Codex standard for gluten
As a law on labelling for gluten-free foods is being created for the first time in Europe, we take at look at what this means for people with coeliac disease.
What does 'gluten-free' really mean?
The term 'gluten-free' implies no gluten, but in practice it is not possible to test for a zero level of gluten.
What's more research has shown that people with coeliac disease are able to tolerate very low levels of gluten, safely. As a result low levels of gluten are allowed in products that are labelled gluten-free.
What is the Codex standard for gluten?
The standard for gluten-free labelling is set by an international body called Codex Alimentarius, under the World Health Organisation. It is this standard which sets the level of gluten permitted in gluten-free products. In 1981, the standard was set at a level of 200mg gluten/kg or 200 parts per million.
In July 2008 the Codex standard for gluten-free labelling was changed.
Why has the Codex standard for gluten been changed?
People with coeliac disease have different levels of tolerance or sensitivity to gluten. It is therefore difficult to have one standard that protects all people with coeliac disease.
The new Codex standard is a dual standard, which will provide safer limits overall and allow a clear choice of products for people with coeliac disease.
What are the new changes to the Codex standard?
The Codex standard will now have two categories:
- Foods containing less that 20 ppm gluten
In future, only foods that contain less than 20ppm can be labelled as 'gluten-free'.
This will apply to specialist substitute gluten-free products such as breads containing wheat codex starch with less than 20ppm. It will also include naturally gluten-free mainstream products like soups, beans and crisps.
Pure, uncontaminated oat products with a gluten level of less than 20 ppm may also be labelled as gluten-free.
- Foods containing between 20 and 100 ppm gluten
Products containing gluten above 20 and up to 100ppm will be labelled as 'very low gluten'.
This will be relevant to specialist substitute gluten-free products (such as breads and flour mixes) that contain Codex wheat starch.

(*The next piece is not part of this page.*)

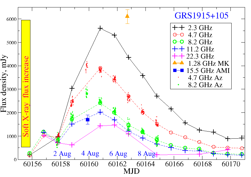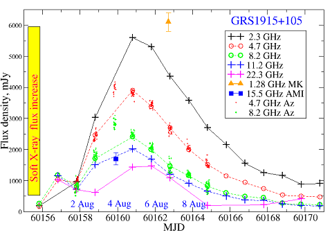 В многочастотных (2-30 ГГц) исследованиях на радиотелескопе РАТАН-600 рентгеновской двойной звезды с черной дырой (ЧД), прототипного микроквазара GRS 1915+105 была зарегистрирована экстремально яркая вспышка после перехода источника в крайне низкое и жесткое рентгеновское состояние. Яркость вспышки достигла 5.5 Ян на частоте 2.3 ГГц (то есть радиосветимость выросла до 1035 эрг/c), что выше когда-либо зарегистрированных значений за 30 лет с момента открытия объекта. Далее впервые мы проследили эволюцию вспышки на двух частотах 4.7 и 8.2 ГГц в новом для телескопа режиме многоазимутальных (МА) наблюдений, когда измерения проводились каждые 8.6 минуты 31 раз в сутки. Радиовспышка сопровождалась постепенным ростом потока в мягком рентгеновском диапазоне (MAXI, 2-20 кэВ). В оптически тонком радиоспектре синхротронного излучения электронов, спектральный индекс плавно изменился от +0.15 до −0.95 за первые восемь дней. Обнаруженные вариации потока на временах от 30 до 300 минут соответствуют физическому размеру области радиоизлучения от 4 до 40 астрономических единиц, вероятно, внутри струйного выброса. В восьми МА-измерениях впервые обнаружены квазипериодические осцилляции с амплитудой до 10% от среднего потока на временных интервалах от 30 до 100 минут. Мы связываем эту гигантскую вспышку GRS 1915+105 с формированием релятивистских струйных выбросов в процессе снижения аккреции вещества с нормальной звезды, когда, как стало недавно известно, сильный дисковый ветер одновременно и затеняет основной рентгеновский поток и снижает темп аккреции. Очевидное сходство вспышечного события в GRS 1915+105 с гигантскими вспышками в микроквазарах Cyg X-3, SS433 и Swift J1727.8-1613 подразумевает подобные физические процессы аккреции на черные дыры звездных масс.

Why has the Codex standard for gluten been changed?
Everyone with coeliac disease is different in terms of their level of sensitivity to gluten. Most people with coeliac disease can tolerate a low level of gluten without ill effects. However some people are more sensitive and can only safely eat foods with less than 20ppm of gluten.
The new dual standard will provide safer limits overall and also help people with coeliac disease to make a clearer choice of products. The term 'gluten-free' will only be used on products with less than 20ppm which will be safe for people with greater sensitivity to gluten.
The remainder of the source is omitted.